The invention relates to a method of motion estimation in video image data, in 
which method, starting from a first and a second video image, parameter sets of two or more 
motion models are initially determined, and in which image objects are assigned to the 
motion models. The invention also relates to a device for performing the method, a device 
operating in accordance with the method for displaying video images, and a computer 
program product for motion estimation. 

Advances in multimedia techniques have led to the development of a 
multitude of video formats and display standards. They are distinguished, inter alia, also by 
their image rate, i.e. the number of frames per unit of time. When a video sequence is to be 
displayed on a PC or TV display screen, it is necessary to adapt to the image rate of the 
display apparatus. Interfaces suitable for this purpose operate by means of conversion 
methods of a different complexity. The simplest method is to repeat or omit frames of the 
video sequence in the display, dependent on the desired image rate. However, when 
displaying video data thus treated, unwanted artifacts occur. Unwanted display errors occur 
dependent on the ratio of the image rates involved. The display appears to be jittery and 
irregular so that the motions displayed in the video sequence have an unnatural effect. More 
elaborate methods perform an interpolation between consecutive video images, in which an 
algorithm for motion estimation is used, which initially recognizes the displacements of 
individual pixels from one image to the other and generates image data therefrom which are 
temporally present between the images of the video sequence.
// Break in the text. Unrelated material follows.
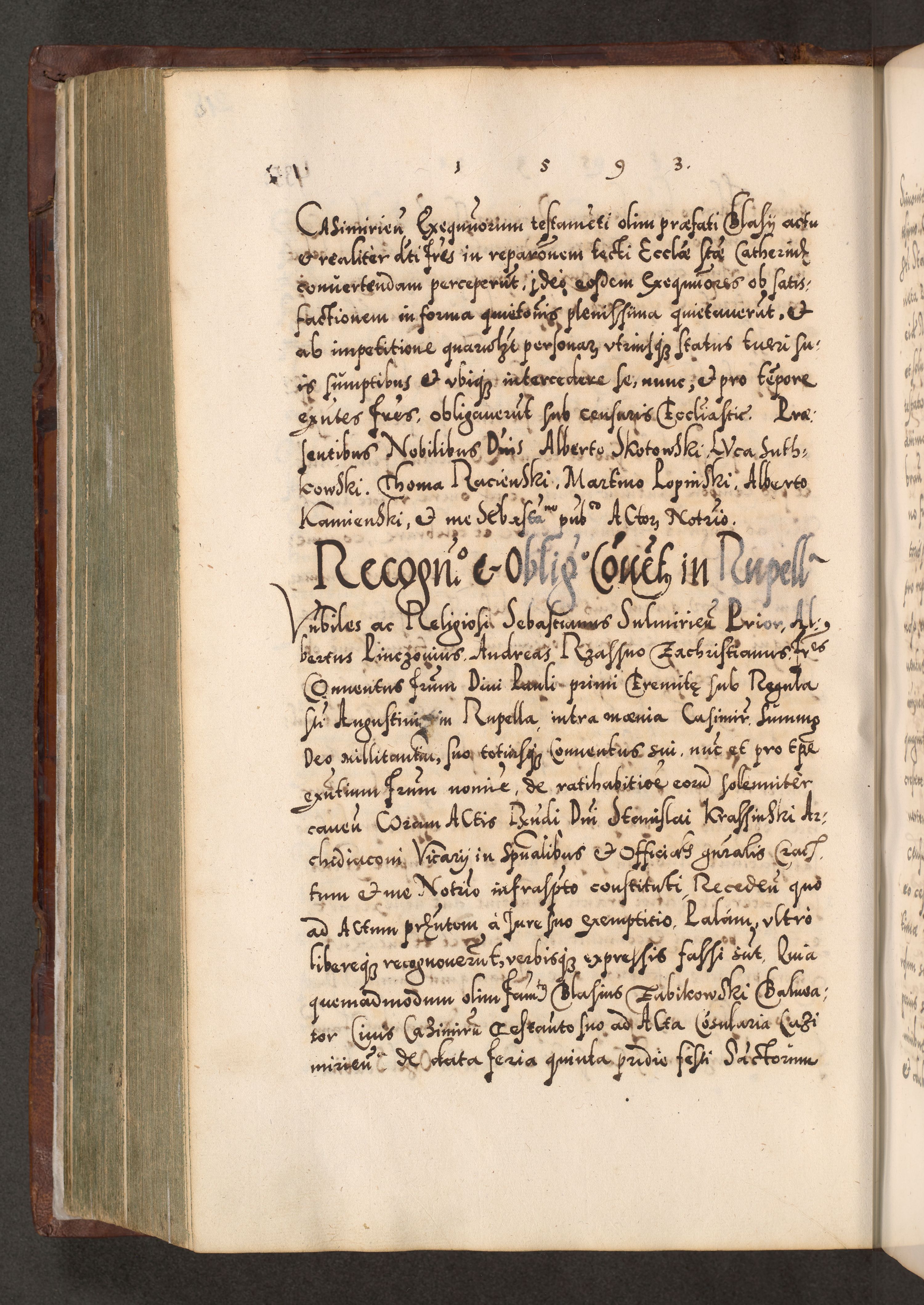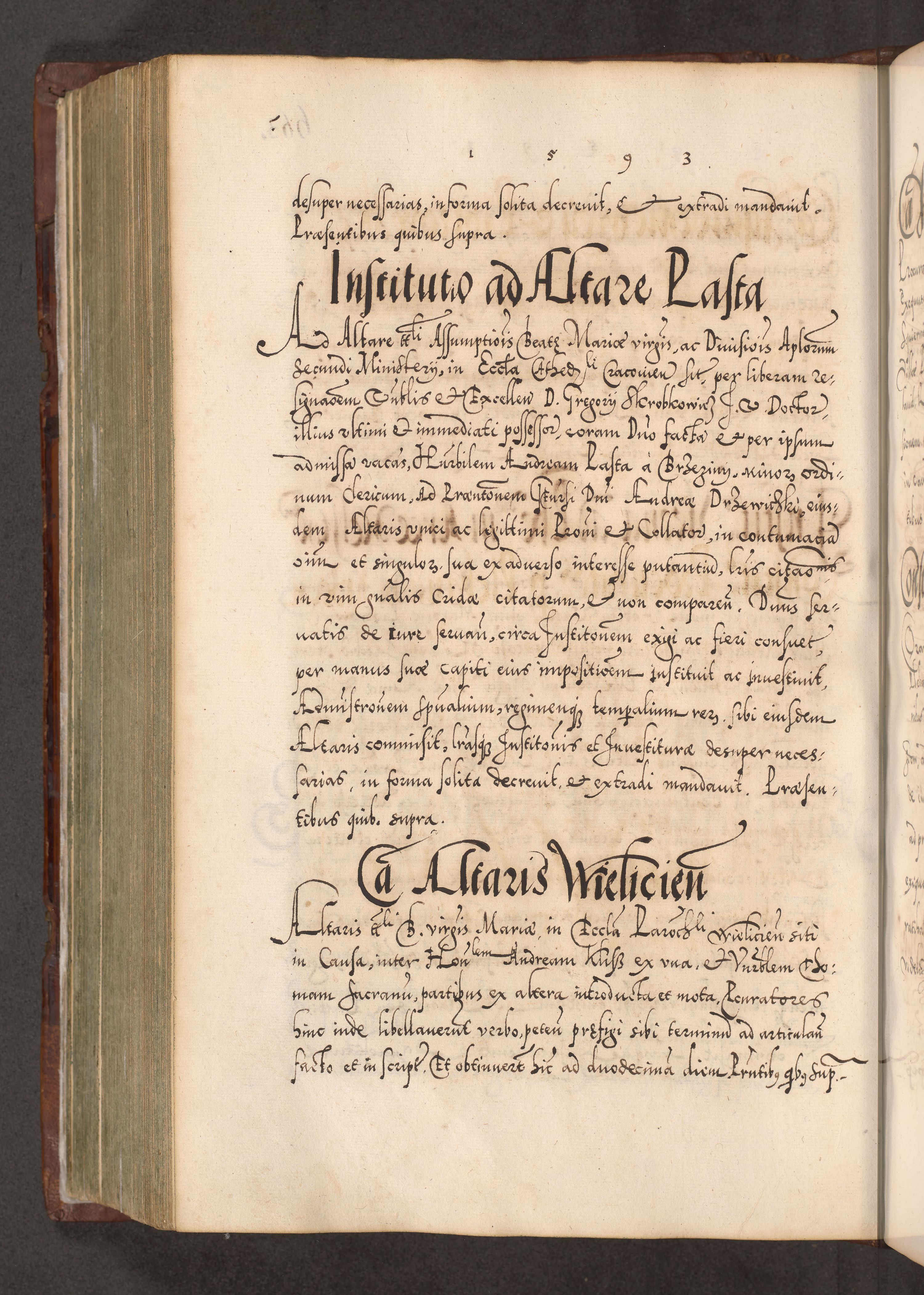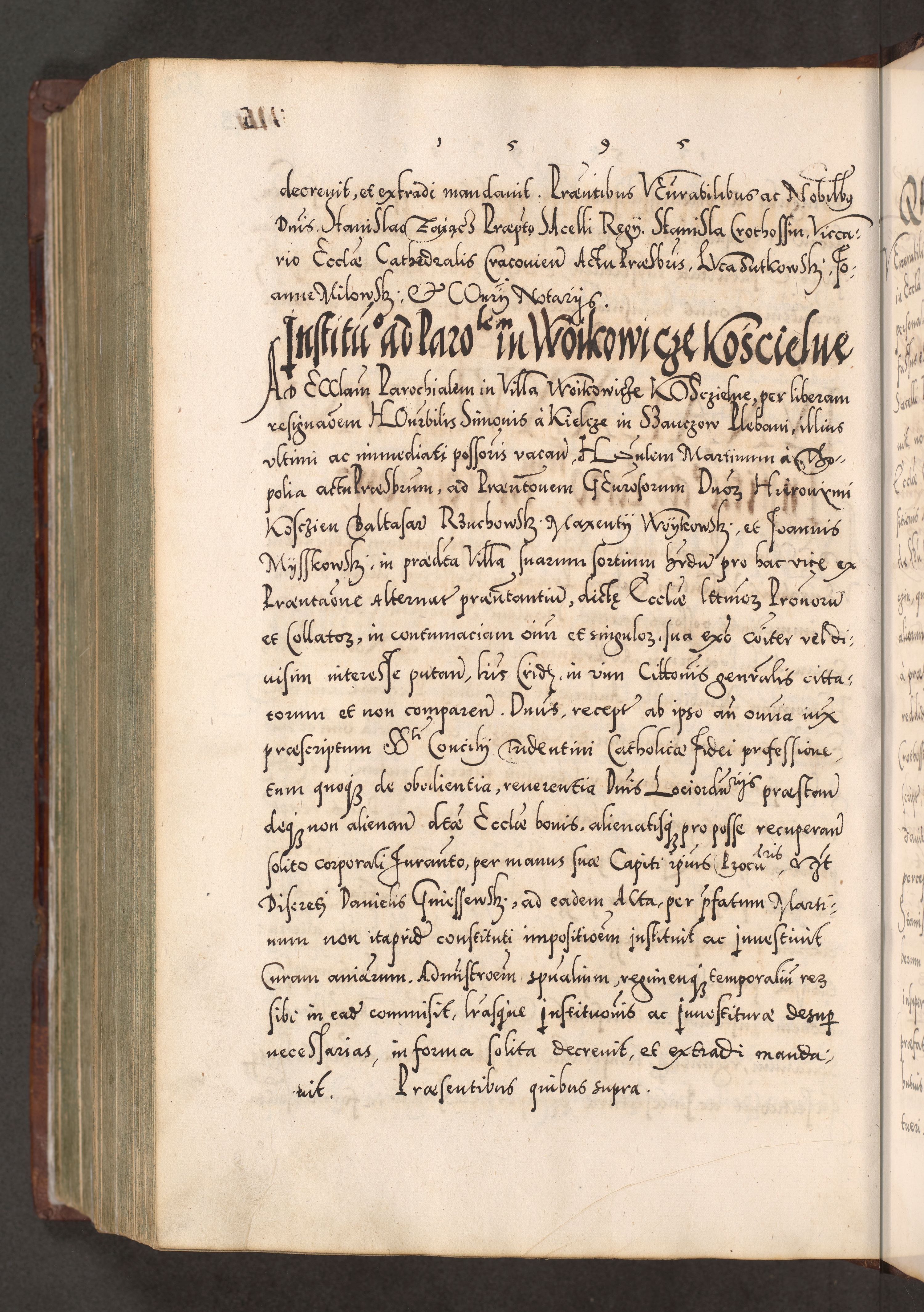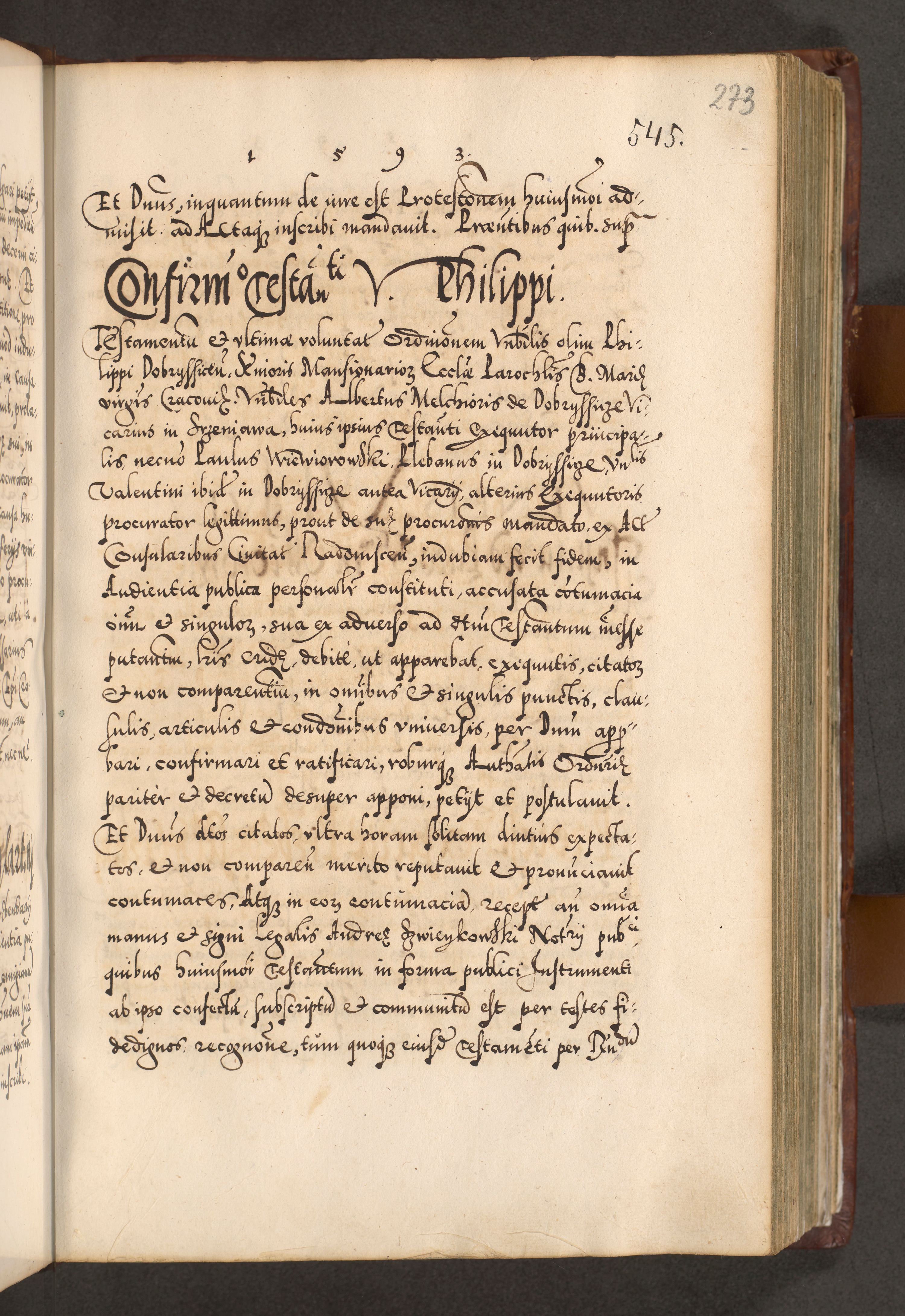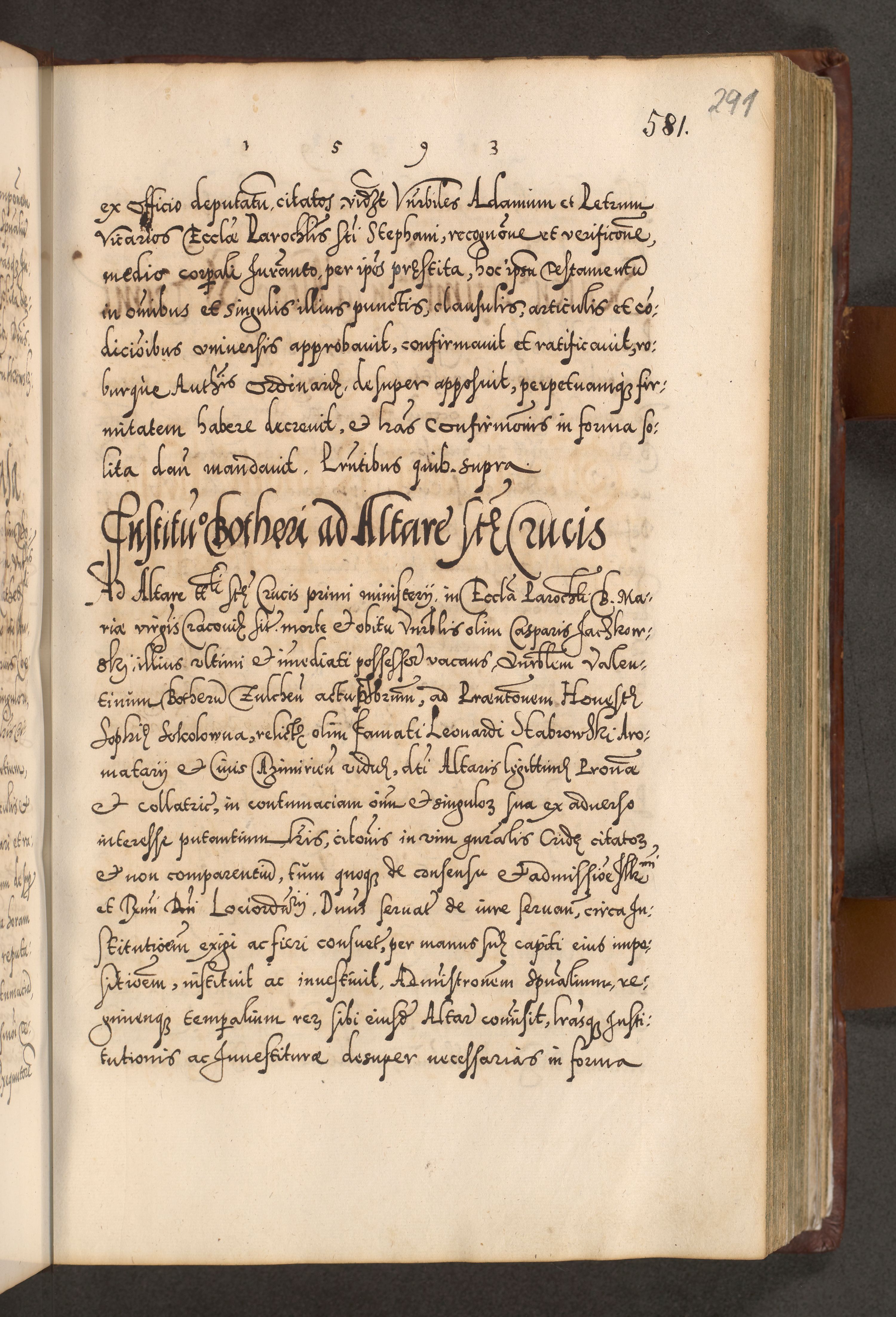 Illistrissimo et revedissimo in Christo Patre Domino Domino Georgio Rzadziwił Miserone Divina Sacrostae R. E. Tituli S. Sixti Presbitero Cardinali Duce in Olyka et Niesswiesz ad Gubernacula Ecclessiae Cracoviensis cuius administratorialem a Sancta Sede Apostolica obtinverat feliciter sedente. Acta actorum, causarum, sententiarum tam deffinitivarum quam interloquutoriarum decretorum, obligationum, quietationum, recognitionum, constitutionum procuratorum etc. coram Reverendo Domino Stanislao Crassinskz de Crasne Archidiacono Cracoviensis, Scholastico Gnesnesis, Custode Plocensis etc. Vicario et Officiali Generali Cracoviensi in Ano Domini Millesimo Quingentesimo Nonagesimo Primo cuius indictio quarta pontificatus SS. Domini Nostri Gregorii XIIII Anno I psius prio feliciter incipiut

The use of such methods in 
apparatus for home use requires the fundamental algorithms to supply a qualitatively high- 
value image rate conversion and require only a small number of computations because the 
digital signal processing electronics in apparatus for home use have a limited efficiency. 

Motion estimation methods of the type described in the opening paragraph are 
not only suitable for image rate conversion but also for coding and compression in the 
transmission of video data, as well as for depth estimation in 3D image data processing, and 
for disparity estimations in stereo images.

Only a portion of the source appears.